Son las seis de la mañana. A mi alrededor sólo veo niebla. Esta vez no es el vaho que invade el baño después de ducharme para ir otra vez al trabajo. No, esta vez estoy a unos 2.500 metros de altura, en un lugar que he visto cientos de veces antes, pero sólo en foto.
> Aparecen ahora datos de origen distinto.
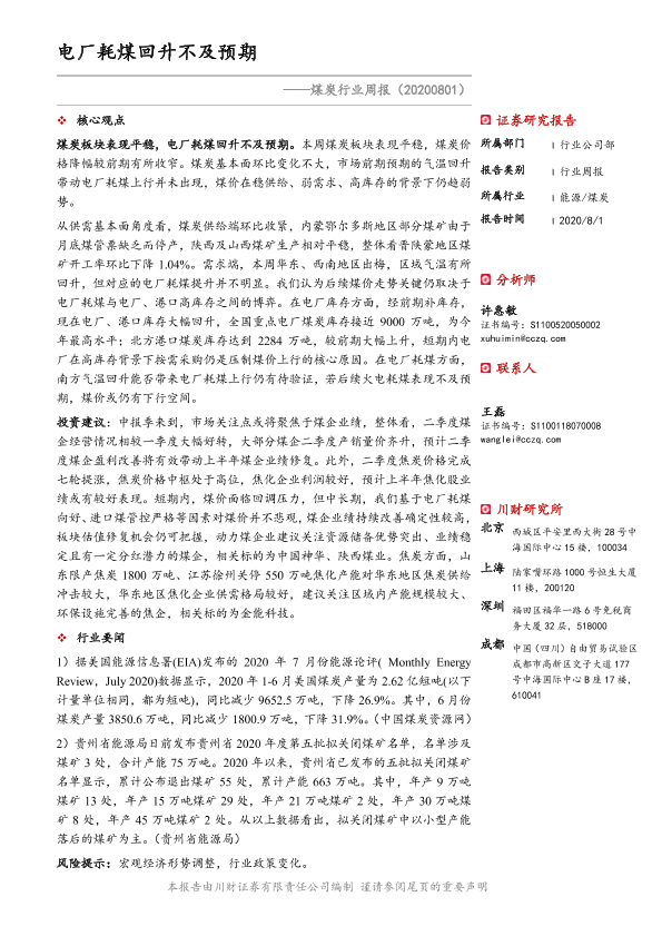 【川财证券】【20200801】煤炭行业周报:电厂耗煤回升不及预期-12页

Ahora no veo nada, como decía, sólo niebla, y gente esperando a que se despeje para comparar la realidad con lo imaginado hasta entonces.
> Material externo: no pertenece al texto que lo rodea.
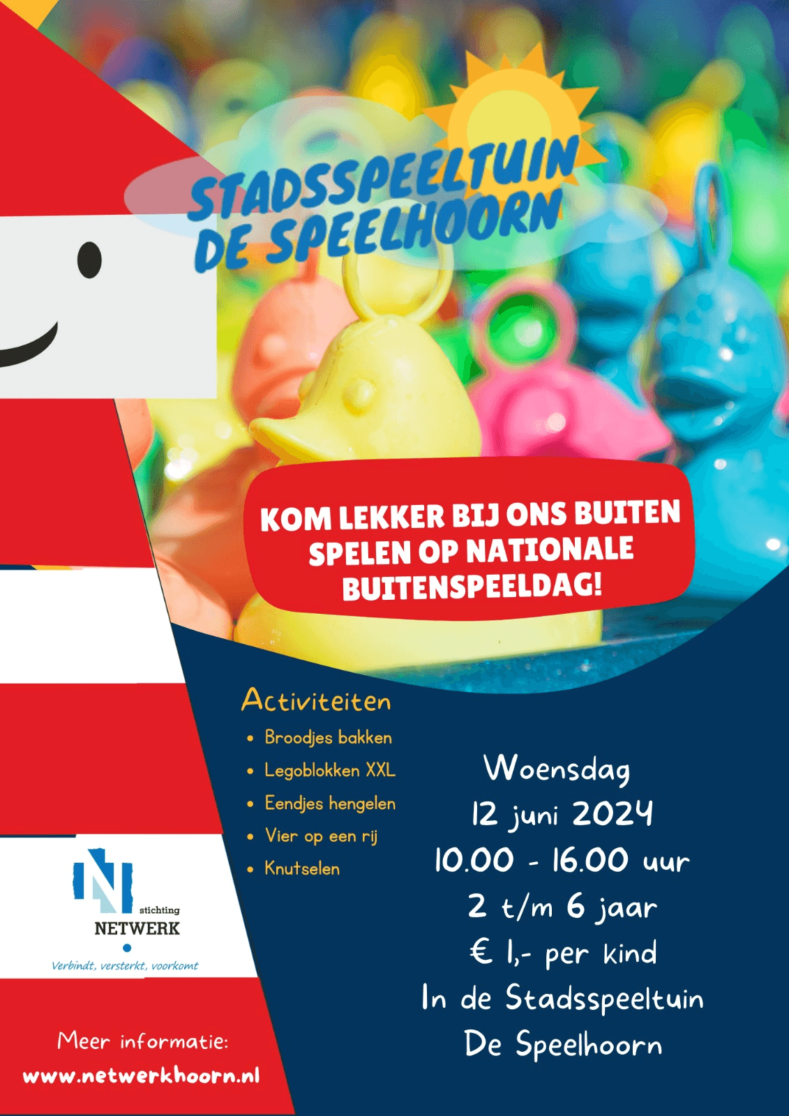 Kinderen van 2 tot 6 jaar kunnen zich (van 10 tot 16.00 uur) uitleven in de stadsspeeltuin De Speelhoorn met broodjes bakken, eendjes hengelen, vier op een rij, knutselen en met extra grote legoblokken. Ook vrij spelen is natuurlijk mogelijk! Kijk in de flyer voor meer informatie.

La cola avanza despacio y, cuando por fin conseguimos atravesar la puerta de entrada, nos dirigimos rápidamente al objetivo: hay que estar arriba cuando las nubes bajen.
Empezamos el ascenso y, progresivamente, como quien descubre con mimo una parte del cuerpo que se sabe deseada, la niebla va dejándonos ver las mismas montañas que, hace unos años, contemplaban al despertarse los habitantes de La ciudad perdida. Ése era su vaho rutinario –me digo-, el de cada día antes de ir a trabajar… El mismo vaho que dota al entorno de una solemnidad enigmática y tranquilizadora.
Estamos en Huayna Picchu, y ante nuestros ojos: Machu Picchu. El madrugón ha merecido la pena. Extrañamente, desde las alturas, la multitudinaria presencia de turistas no logra afectar a la intimidad del momento. El entorno es más grande que todos ellos. Mucho más que yo. Y, aún así, consigue meterse dentro del cuerpo, ensanchándolo.
Intento retener esa sensación con el típico truco de “mirar, inspirar, retener el aire, expirar y repetir”. Mientras estoy entregada a ese ejercicio, un autóctono –que inverosímilmente está participando en la grabación del film más caro de la historia de Bollywood hasta entonces- se dirige a mí al ver que me olvido algo: “¡Tomen energía!”, grita. Es una autoridad en la materia, al fin y al cabo, éste también es su vaho matinal de cada día.